**** Task input
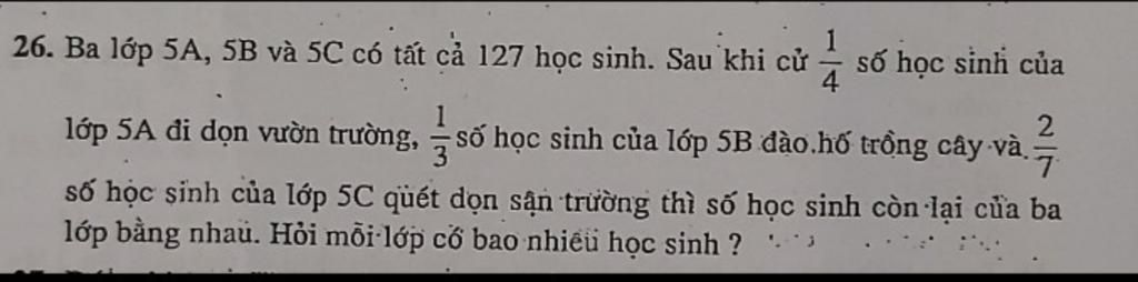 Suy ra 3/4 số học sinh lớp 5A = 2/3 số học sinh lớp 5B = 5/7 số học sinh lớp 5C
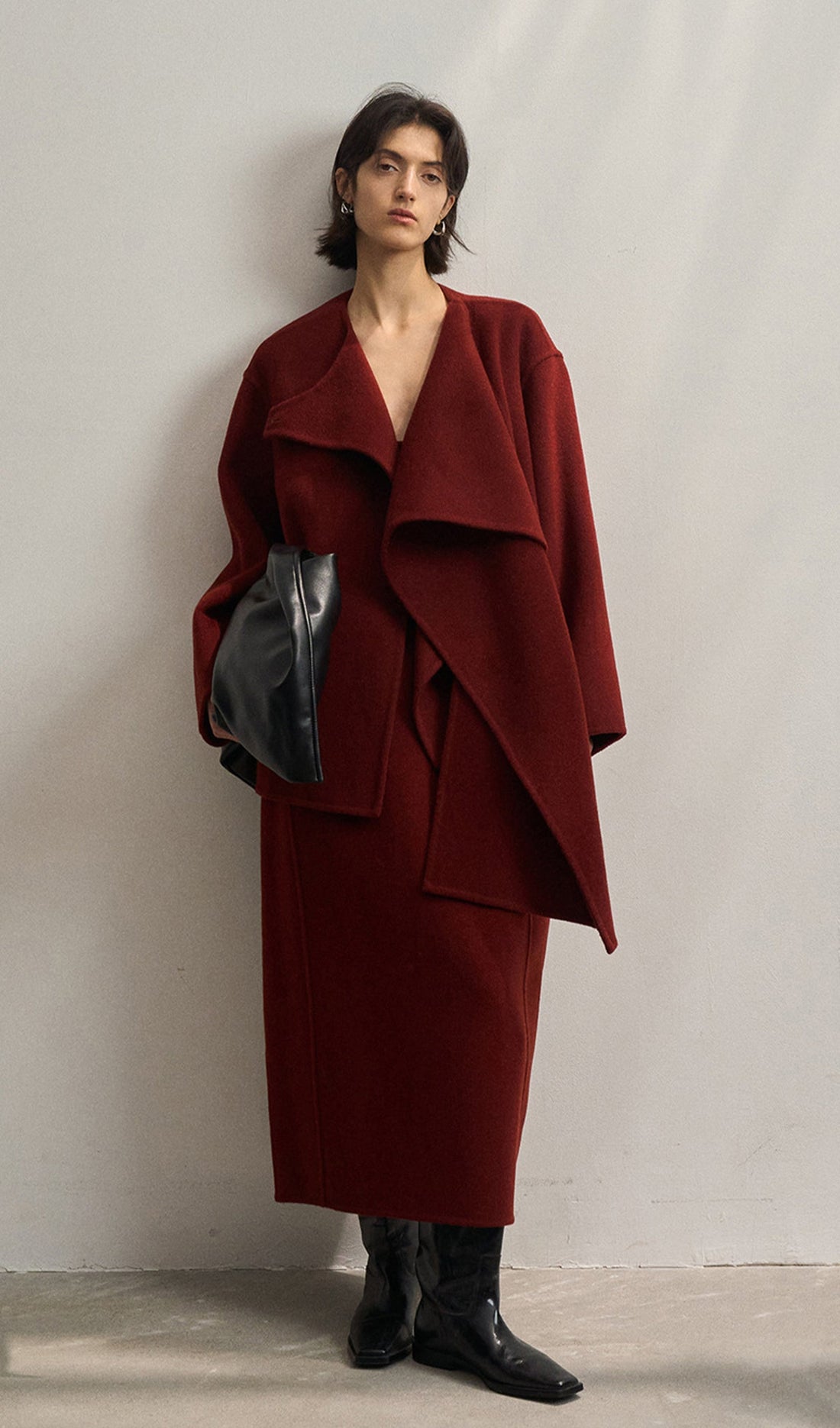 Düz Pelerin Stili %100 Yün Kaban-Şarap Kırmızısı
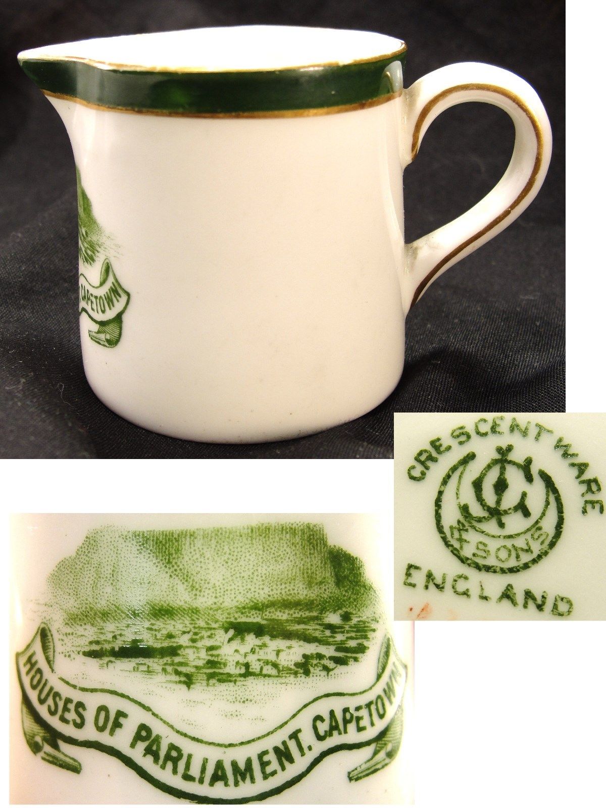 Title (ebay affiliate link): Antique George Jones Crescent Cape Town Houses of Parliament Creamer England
********
**** Task input
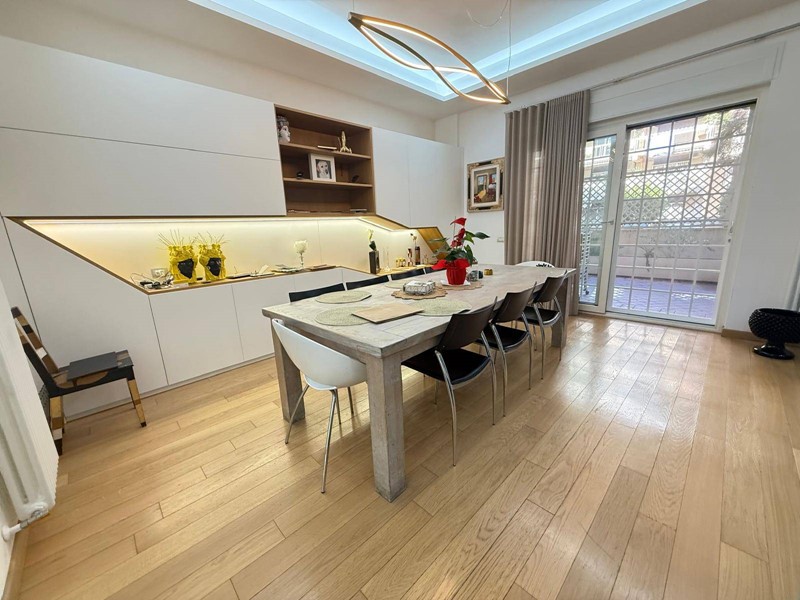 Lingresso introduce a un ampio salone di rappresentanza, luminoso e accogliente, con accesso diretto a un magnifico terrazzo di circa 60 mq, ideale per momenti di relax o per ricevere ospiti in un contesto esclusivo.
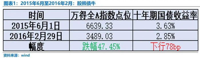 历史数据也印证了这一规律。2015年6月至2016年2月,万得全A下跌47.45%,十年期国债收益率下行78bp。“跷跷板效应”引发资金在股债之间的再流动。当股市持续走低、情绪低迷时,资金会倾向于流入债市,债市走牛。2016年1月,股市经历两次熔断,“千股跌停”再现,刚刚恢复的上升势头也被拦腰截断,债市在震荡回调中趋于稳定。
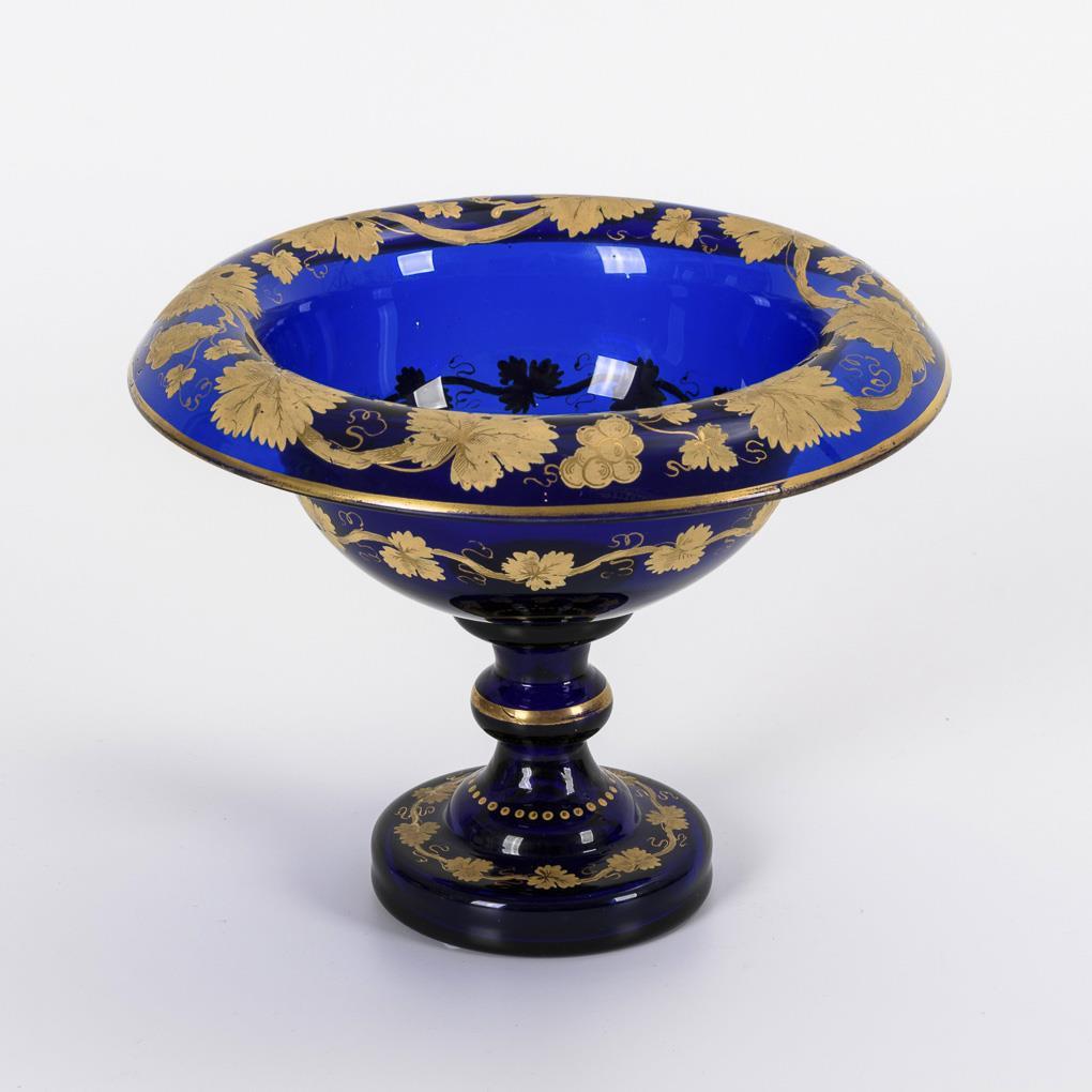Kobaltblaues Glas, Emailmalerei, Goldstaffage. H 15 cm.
********
### About this exercise:
Above are the records; please give again, exactly and in full, only the lines that run from the line with "Suy ra 3/4 số" through the line with "Title (ebay affiliate", with no pictures.

### Result for this task:
 Suy ra 3/4 số học sinh lớp 5A = 2/3 số học sinh lớp 5B = 5/7 số học sinh lớp 5C
 Düz Pelerin Stili %100 Yün Kaban-Şarap Kırmızısı
 Title (ebay affiliate link): Antique George Jones Crescent Cape Town Houses of Parliament Creamer England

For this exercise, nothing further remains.